[Exercise inputs]
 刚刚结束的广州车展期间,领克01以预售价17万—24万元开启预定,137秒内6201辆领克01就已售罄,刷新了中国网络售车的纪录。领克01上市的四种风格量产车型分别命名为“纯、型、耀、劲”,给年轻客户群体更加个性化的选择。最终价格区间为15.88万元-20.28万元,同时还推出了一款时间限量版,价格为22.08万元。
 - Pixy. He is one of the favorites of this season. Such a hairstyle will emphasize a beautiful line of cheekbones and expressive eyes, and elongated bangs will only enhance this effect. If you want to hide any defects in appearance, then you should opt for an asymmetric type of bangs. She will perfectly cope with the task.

* * *

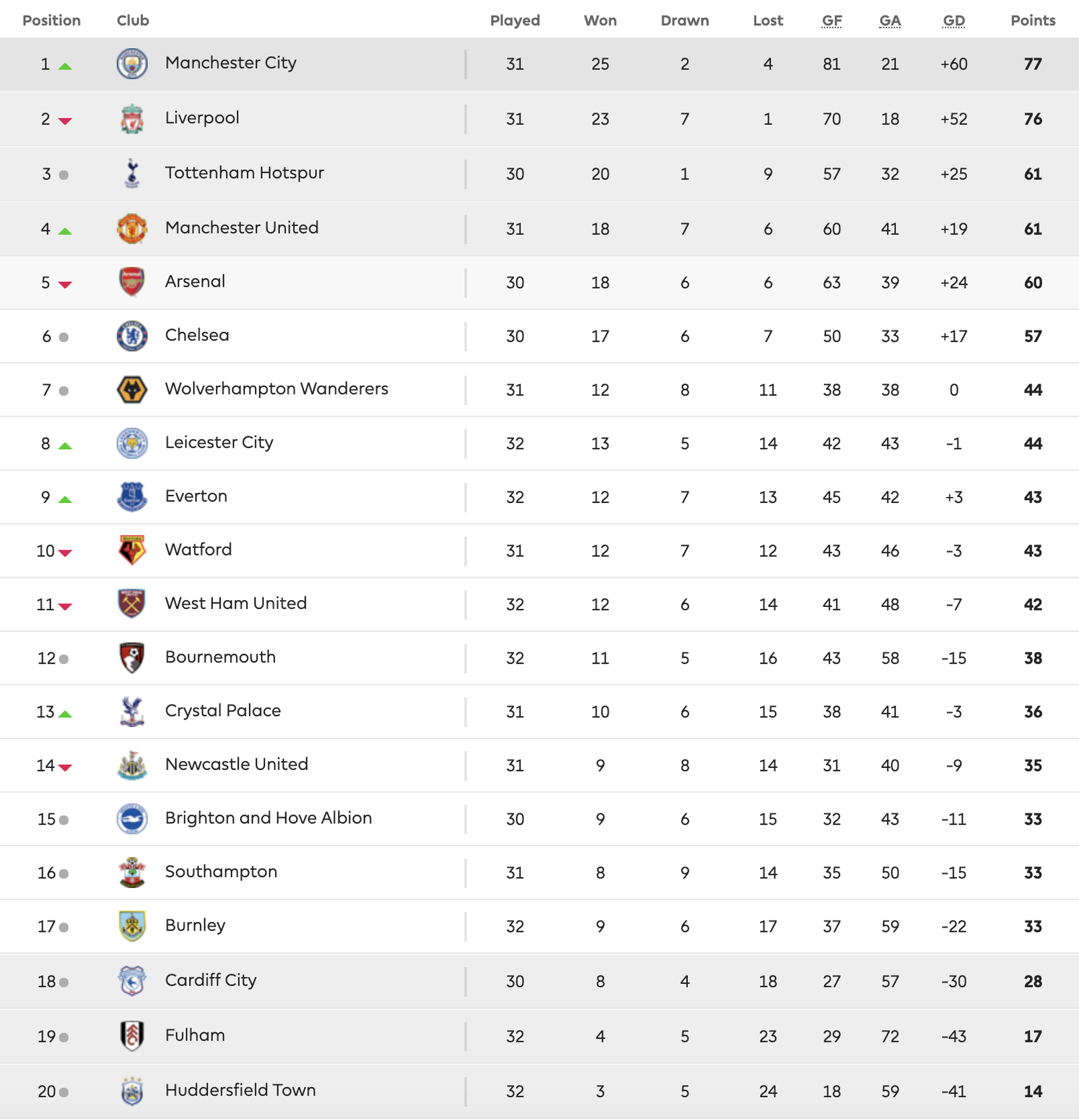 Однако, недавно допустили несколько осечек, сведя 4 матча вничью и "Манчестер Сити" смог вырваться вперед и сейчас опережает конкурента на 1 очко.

--

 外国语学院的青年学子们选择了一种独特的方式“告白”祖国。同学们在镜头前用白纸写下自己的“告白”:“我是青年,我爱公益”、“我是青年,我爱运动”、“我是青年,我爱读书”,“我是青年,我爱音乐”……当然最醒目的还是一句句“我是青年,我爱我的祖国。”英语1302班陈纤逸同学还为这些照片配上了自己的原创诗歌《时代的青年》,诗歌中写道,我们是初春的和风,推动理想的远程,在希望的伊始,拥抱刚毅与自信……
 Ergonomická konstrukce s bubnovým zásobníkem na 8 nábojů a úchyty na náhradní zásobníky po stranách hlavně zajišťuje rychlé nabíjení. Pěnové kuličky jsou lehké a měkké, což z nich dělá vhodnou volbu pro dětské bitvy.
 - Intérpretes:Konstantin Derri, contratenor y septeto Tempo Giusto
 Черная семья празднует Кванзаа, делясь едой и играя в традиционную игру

[Task instructions]
Among the entries above, locate the lines containing "刚刚结束的广州车展期间,领克" and "- Pixy. He is", and transcribe exactly those two lines and all lines between.

[Result for this exercise]
 刚刚结束的广州车展期间,领克01以预售价17万—24万元开启预定,137秒内6201辆领克01就已售罄,刷新了中国网络售车的纪录。领克01上市的四种风格量产车型分别命名为“纯、型、耀、劲”,给年轻客户群体更加个性化的选择。最终价格区间为15.88万元-20.28万元,同时还推出了一款时间限量版,价格为22.08万元。
 - Pixy. He is one of the favorites of this season. Such a hairstyle will emphasize a beautiful line of cheekbones and expressive eyes, and elongated bangs will only enhance this effect. If you want to hide any defects in appearance, then you should opt for an asymmetric type of bangs. She will perfectly cope with the task.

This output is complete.